The Fire Service needs a nationwide shake-up, with new powers to collect funding and extra obligations to attend crashes, a review has found.
An independent review panel of the Fire Service found it had no legal obligation to attend crashes despite becoming New Zealand's default rescue agency.
Because of their informal role as rescue respondents, firefighters also had no legal protection if a response went wrong.
''It was of concern to the Panel that New Zealand communities expect the fire services to deliver these services, and indeed rely on them to do so, but that the fire services are neither obligated to deliver them nor is their liability limited if things go wrong.''
Law changes were recommended to spell out the Fire Service's obligation to respond to accidents and limit firefighters' liability.
The panel also recommended new ways for the Fire Service to recover costs of attending fires and rescues.
This would include changing the way the Fire Service charges commercial property owners levies.
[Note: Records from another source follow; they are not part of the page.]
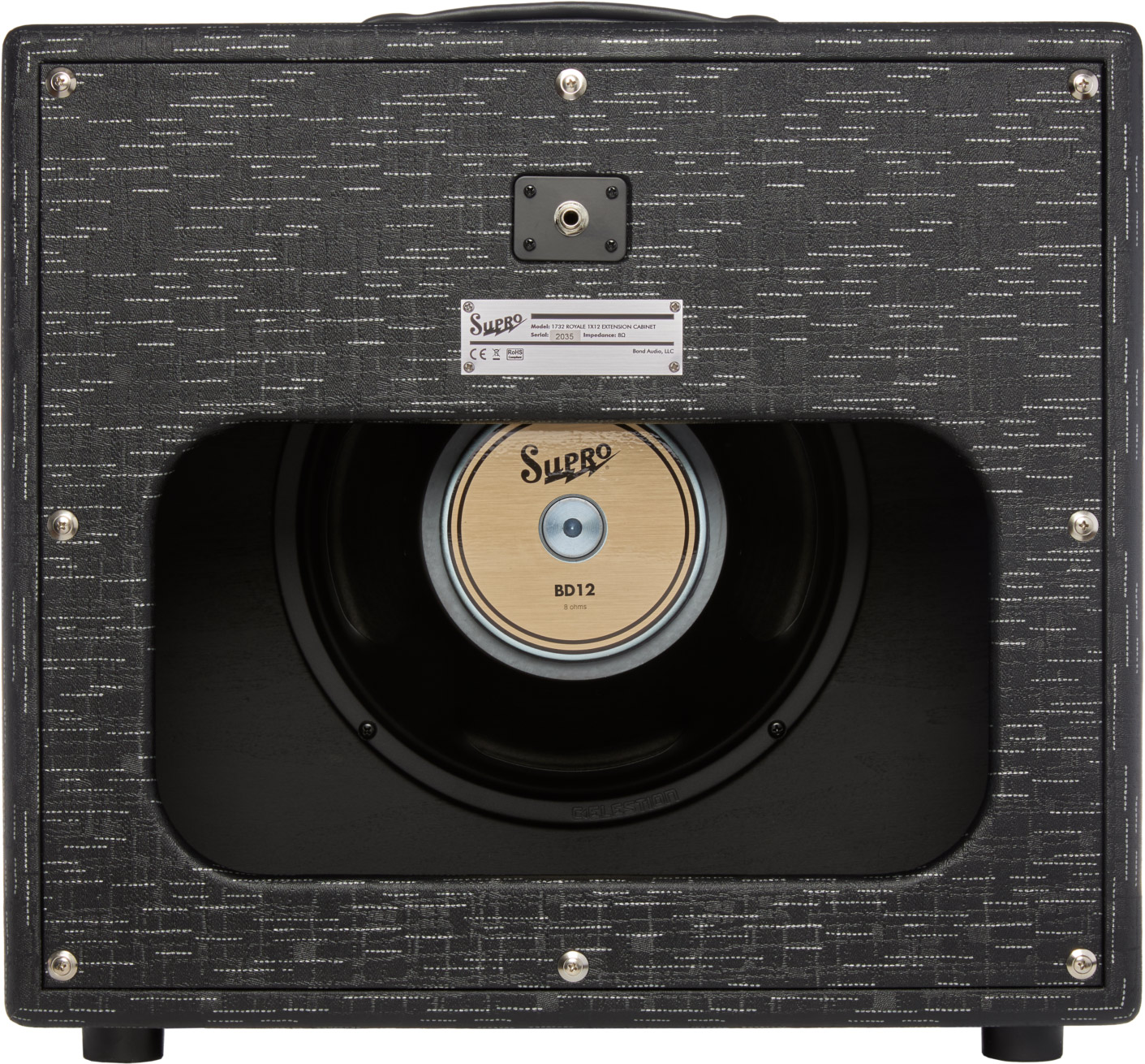 The SUPRO Royale 1x12 Extension Cabinet (1732) features the custom Supro BD12 high-power driver, offering the same mid-range punch and clean articulation as the Royale combo but with additional stage volume. It utilizes a specialty British cone, top-of-the-line suspension and an oversized ceramic magnet.
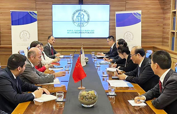 Mr. Hou highly appreciated Mr. Bermúdez’s effective work during his term as the Chairman of the United Nations Board of Auditors, and introduced the latest development of the government audit in China. Mr. Bermúdez thanked Mr. Hou for visiting the Office of the Comptroller General of Chile, and looked forward to increasing cooperation between the two SAIs.
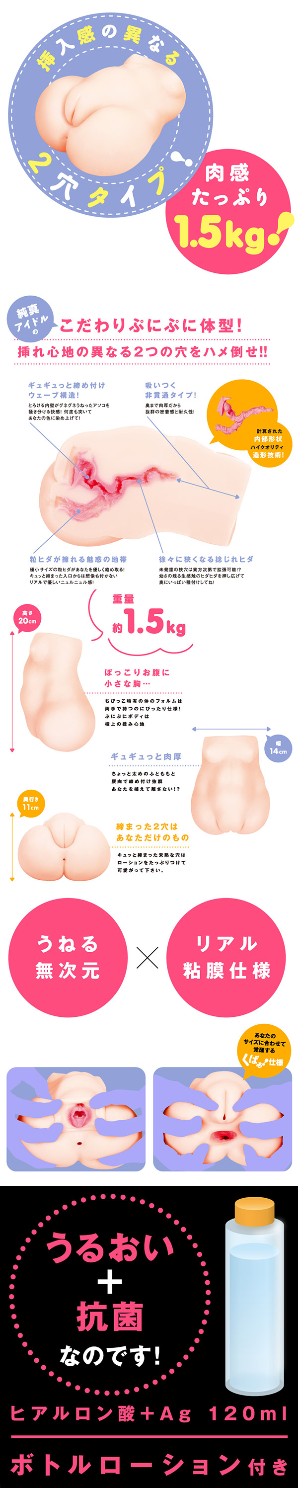 純真アイドルをイメージした、こだわりのぷにぷにボディを再現した2穴タイプオナホール「ち○っこアイドル さくら」。 ぷっくりとした可愛らしいアソコを開くと中はリアルなピンク色で、粘膜コーティング仕様の内壁が本物以上のヌメヌメ感を実現。 挿入すると、ヴァギナ側はとろけるような感触のうねる内壁が締め付けとともに刺激し、アナル側は極小サイズの無数の粒ヒダがあなたを優しく擦り上げて、絶頂へと導きます。 リアルで優しい魅惑の挿れ心地を、ぜひ体感してみて下さい。
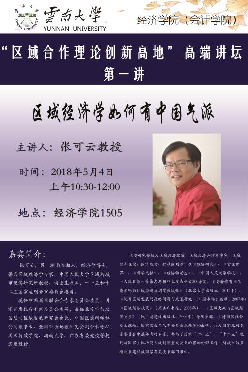 【论坛通知】高端论坛开讲 主讲人:中国人民大学张可云教授
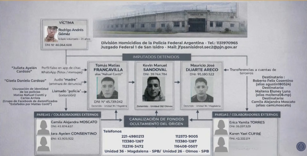 La Justicia federal y el Gobierno confirmaron que el joven militar era víctima de un esquema de chantajes iniciado en una aplicación de citas. Hubo allanamientos, detenidos y una advertencia por el uso de celulares dentro de los penales.
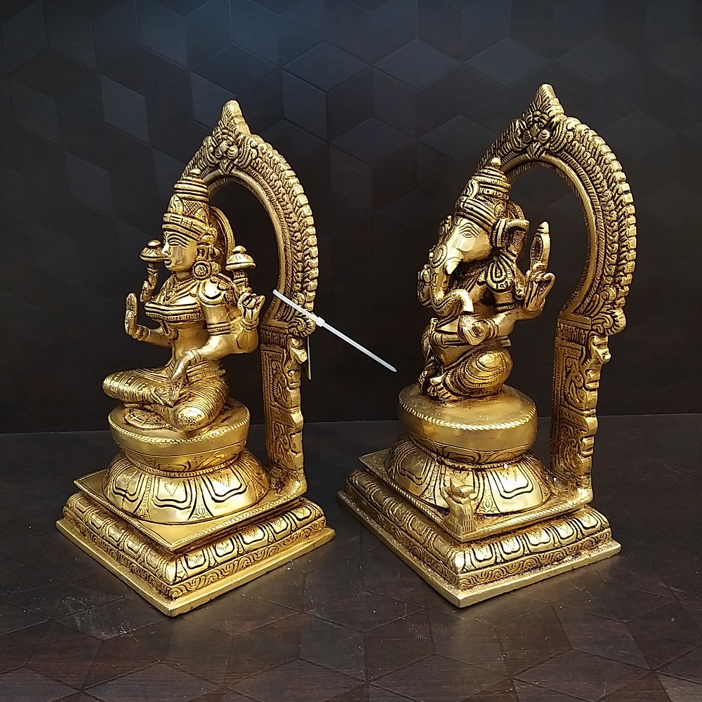 Brass Ganesha Lakshmi Set with Decorative Arch Statue- 10″
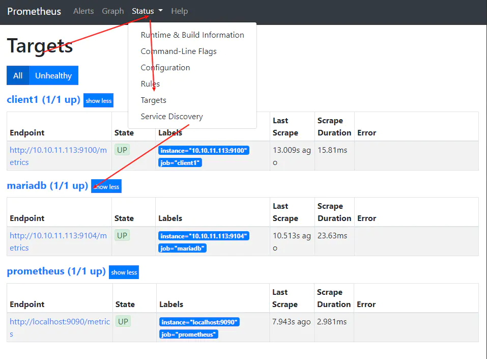回到web管理界面 -->点Status -->点Targets -->可以看到监控mariadb了
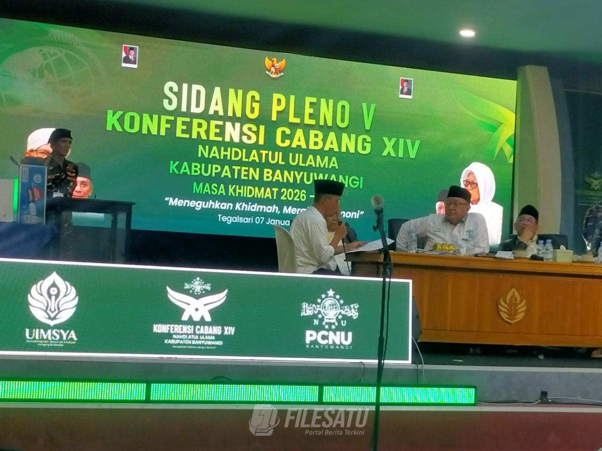 Filesatu.co.id, Banyuwangi | Konferensi Cabang (Konfercab) XVI Nahdlatul Ulama (NU) Banyuwangi sempat diwarnai perdebatan alot saat proses tahap seleksi hak suara dari 25 MWC NU. Diawali dugaan curang, pemalsuan hak suara, sehingga pemimpin sidang harus menghitung dan mengkoreksi ulang untuk mencocokan surat suara hingga tiga kali.

A disagreement between the insurance brokers and the Fire Service over levies on commercial property currently being litigated through the courts.
Internal Affairs Minister Chris Tremain described the report as evolutionary rather than revolutionary.
''Their (Fire Service) roles have expanded to provide a multi-purpose emergency and rescue service so it's important to get the legislation right.''
The Government would consider the recommendations with further decisions expected in March.